Tak właśnie zaczyna się niezwykła przygoda młodego skryby, a jednocześnie tak tworzy się historia. Mimo iż w kontekście druku wspomina się wyłącznie o Gutenbergu, co najwyżej o konflikcie pomiędzy wspólnikami prowadzącym do przejęcia przez Fusta warsztatu, to jednak Peter odegrał znaczącą rolę w pracy nad pierwszymi książkami, które wyszły z Hof zum Gutenberg, opracowując nową, szybszą technikę odlewania liter, stosowaną jeszcze wiele wieków później. On też był autorem kształtu liter oraz wielu innych usprawnień i pomysłów, które pozwoliły na wykonanie monumentalnego dzieła – wydrukowanie Biblii. Z racji tego, iż było to jedyna księga, którą Gutenberg mógł sprzedać w dużej licznie egzemplarzy bez konieczności proszenia się o aprobatę kościoła, zarówno on, jak i jego pracownicy narazili się na posądzenie o bezbożność, na ataki i pomówienia. Sam Gutenberg uważał się jednak „za wybrańca, pomazańca bożego”, za osobę predestynowaną do pracy ze Świętą Księgą, którą ostatecznie sam Eneasz Sylwiusz Piccolomini, który zostawszy papieżem przyjął imię Pius II, nazwał prawdziwym cudem.
Historię ksiąg, które wyszły z warsztatu Gutenberga w wyniku pracy jego, Petera i zespołu pomocników, poznajemy dzięki rozmowie Schoeffera z opatem Trithemiusem. On to, wiele lat po wspomnianych wydarzeniach, postanowił opisać początki sztuki drukarskiej. Autorka sprawnie przenosi nas w czasie, wędrujemy zatem z roku 1485 do lat, w których współpraca Guteberga z Fustem ulegała zacieśnieniu, by zakończyć się podziałem.
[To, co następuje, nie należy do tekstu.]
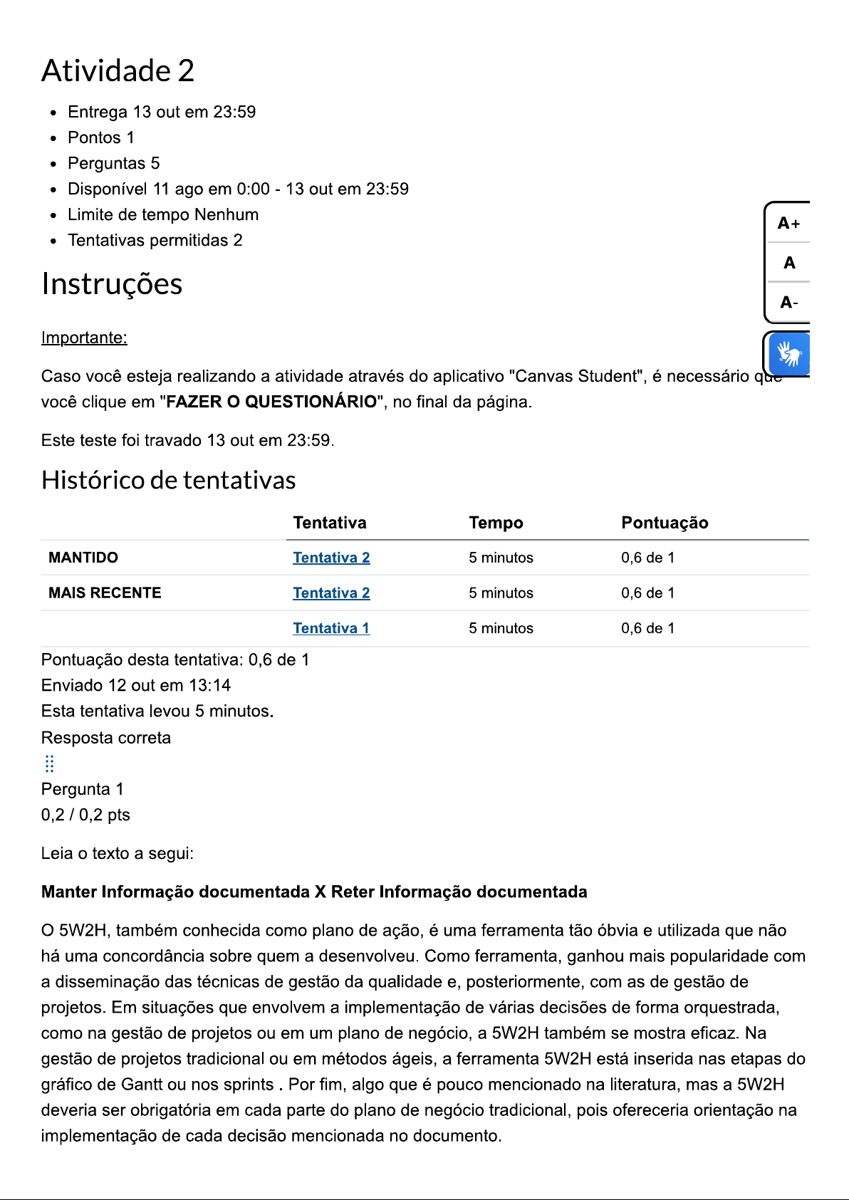 Atividade 2 Entrega 13 out em 23:59 Pontos 1 Perguntas 5 Disponível 11 ago em 0:00 13 out em 23:59 Limite de tempo Nenhum A+ Tentativas permitidas 2 A Instruções A- Importante: Caso você esteja realizando a atividade através do aplicativo "Canvas Student", é necessário que você clique em "FAZER QUESTIONÁRIO", no final da página. Este teste foi travado 13 out em 23:59. Histórico de tentativas Tentativa Tempo Pontuação MANTIDO Tentativa 2 5 minutos 0,6 de 1 MAIS RECENTE Tentativa 2 5 minutos 0,6 de 1 Tentativa 1 5 minutos 0,6 de 1 Pontuação desta tentativa: 0,6 de 1 Enviado 12 out em 13:14 Esta tentativa levou 5 minutos. Resposta correta Pergunta 1 0,2 / 0,2 pts Leia texto a segui: Manter Informação documentada X Reter Informação documentada O 5W2H, também conhecida como plano de ação, é uma ferramenta tão óbvia e utilizada que não há uma concordância sobre quem a desenvolveu. Como ferramenta, ganhou mais popularidade com a disseminação das técnicas de gestão da qualidade e, posteriormente, com as de gestão de projetos. Em situações que envolvem a implementação de várias decisões de forma orquestrada, como na gestão de projetos ou em um plano de negócio, a 5W2H também se mostra eficaz. Na gestão de projetos tradicional ou em métodos ágeis, a ferramenta 5W2H está inserida nas etapas do gráfico de Gantt ou nos sprints Por fim, algo que é pouco mencionado na literatura, mas a 5W2H deveria ser obrigatória em cada parte do plano de negócio tradicional, pois ofereceria orientação na implementação de cada decisão mencionada no documento.Fonte: 5W2H.pdf (sebrae.com.br). Considerando as informações acima, avalie as questões a seguir: I- O 5W2H tem como objetivo principal a melhoria contínua exigida no item 5 da norma ISO 9001: 2015, em substituição ao PDCA. Como ferramenta de apoio à técnica 5W2H o brainstorming é muito utilizado pois este é um método de geração coletiva de novas ideias pela contribuição e participação de diversos indivío A+ inseridos num grupo. A III Após a sessão de brainstorming, cada setor assume seu papel na busca de todos os proble A- prováveis ou não levantados, deixando a causa raiz restrita à operação. É correto que se afirma apenas em: I, apenas. e III, apenas. I e III, apenas. III, apenas. II, apenas. A alternativa está correta, pois apenas a afirmação é verdadeira. A afirmativa está correta, pois como ferramenta de apoio à técnica 5W2H brainstorming é muito utilizado pois este é um método de geração coletiva de novas ideias pela contribuição e participação de diversos indivíduos inseridos num grupo. A afirmativa não está correta, pois o 5W2H tem como objetivo principal auxiliar no planejamento de ações e atividades, esclarecendo e sanando dúvidas sobre um problema e dando suporte à tomada de decisões. A afirmativa III não está correta, pois após a sessão de brainstorming, na qual podem ser geradas dezenas de ideias, é necessário efetuar escolhas, retirando todas as que não se adaptam aos objetivos, as capacidades financeiras, técnicas ou administrativas da organização. Resposta correta Pergunta 2 0,2 / 0,2 pts Observe a seguir primeiro resultado da análise de causas realizado na empresa ABC, após um lote de produção de 10.000 unidades apresentar resultados muito dispersos, fora das especificações:Mão de obra Método Máquina Manutenção demorou a acontecer Sistema de posicionamento Falha no treinamento dos operadores está Intervalo estabelecido para as Instruções não foram desatualizado manutenções é muito longo claras o suficiente Não houve revisão prévia do conteúdo a ser treinado Sistema de alimentação da máquina está desatualizado A+ Problema: alta dispersão resultados de A instrumento que afere a calibração da máquina Composição dos insumos não apresentou instabilidade A- atendia às especificações Fornecedor falhou no fornecimento Meio ambiente Medição Matéria-prima Fonte: CARPINETTI, L. C. R.; GEROLANO, M. C. Gestão da qualidade ISO 9001:2015: requisitos e integração com a ISO 14001:2015. São Paulo: Atlas, 2016, p. 84 adaptado. Considerando as informações acima apresentadas, avalie as afirmações a seguir. I. A análise de causas acima exposta estará completa quando for preenchido no Diagrama de Causa e Efeito o conteúdo relativo a "meio ambiente". II. As causas apontadas em "medição", "matéria-prima" e "método" precisam ser mais investigadas e detalhadas, com a aplicação de outras ferramentas como "Cinco III. uso do brainstorming pode ser considerado para aprofundar as análises apresentadas neste Diagrama de Causa e Efeito. É correto o que se afirma em: I, apenas. II, apenas. I e III, apenas. I, e III. e III, apenas. Esta alternativa está correta, porque apenas as afirmações e III estão corretas.A afirmação está incorreta, por dois motivos. O preenchimento de um Diagrama de Causa e Efeito não exige que se identifiquem respostas para todos os seus eixos, sendo necessário apenas incluir informações naqueles que realmente forem relevantes para a situação que está sendo analisada. Além disso, a análise de causas apresentada está incompleta, requerendo detalhes em diversas causas já identificadas, para se chegar a uma causa raiz ou mais. A afirmação está correta porque, nos três eixos, "medição", "matéria-prima" e "método", as informações estão relatadas de modo incompleto. O uso dos "Cinco Porquês" é uma das A+ ferramentas que permite aprofundamento necessário para se identificar a causa raiz ou cau A para, posteriormente, tornar viável o planejamento e a execução de ações corretivas adequada A- Por fim, a afirmação III está correta, pois brainstorming pode ser utilizado para detalhar cada das causas já identificadas no Diagrama de Causa e Efeito. Brainstorming é outra ferramenta d qualidade, capaz de auxiliar a condução coesa de análises de causas, porque i

Obserwujemy nie tylko wytężoną pracę nad literami, pieczołowicie wykuwanymi w pocie czoła, ale i konflikty targające Moguncją: działania arcybiskupa, pragnącego za wszelką cenę pokazać pospólstwu gdzie jest jego miejsce, czy atak Osmanów i upadek Konstantynopola, ostoi chrześcijaństwa na wschodzie. Sam Gutenberg jawi się na kartach książki jako bestia, nieprzewidywalna i nieobliczalna, owładnięta podejrzeniami i pasja tworzenia. Christie pisze nawet, że Gutenberg: „przypominał zachowaniem rozzłoszczonego wilka, chcącego udowodnić swą dominację: napiętego niczym struna i nastroszonego, demonstrującego uzębienie, powarkującego”.
Mimo prób nadania lekkości książce, „Uczeń Gutenberga” nie jest lekturą łatwą, wymaga skupienia i bieżącej analizy tła historycznego, by w pełni zrozumieć zachowania Gutenberga czy sens utrzymywania „procesu produkcyjnego” w tajemnicy. Mimo to, Alix Christie stworzyła dzieło stanowiące prawdziwą gratkę dla każdego bibliofila. To dzieło w pełni ukazujące jej talent, umiejętność manewrowania słowem, budowania spójnej historii. Po skończeniu lektury nie pozostaje mi nic innego, jak tylko wypatrywać kolejnej powieści Alix Christie, mam nadzieję, że równie wspaniałej, stanowiącej nie tylko pasjonującą rozrywkę, ale przybliżającej przeszłość.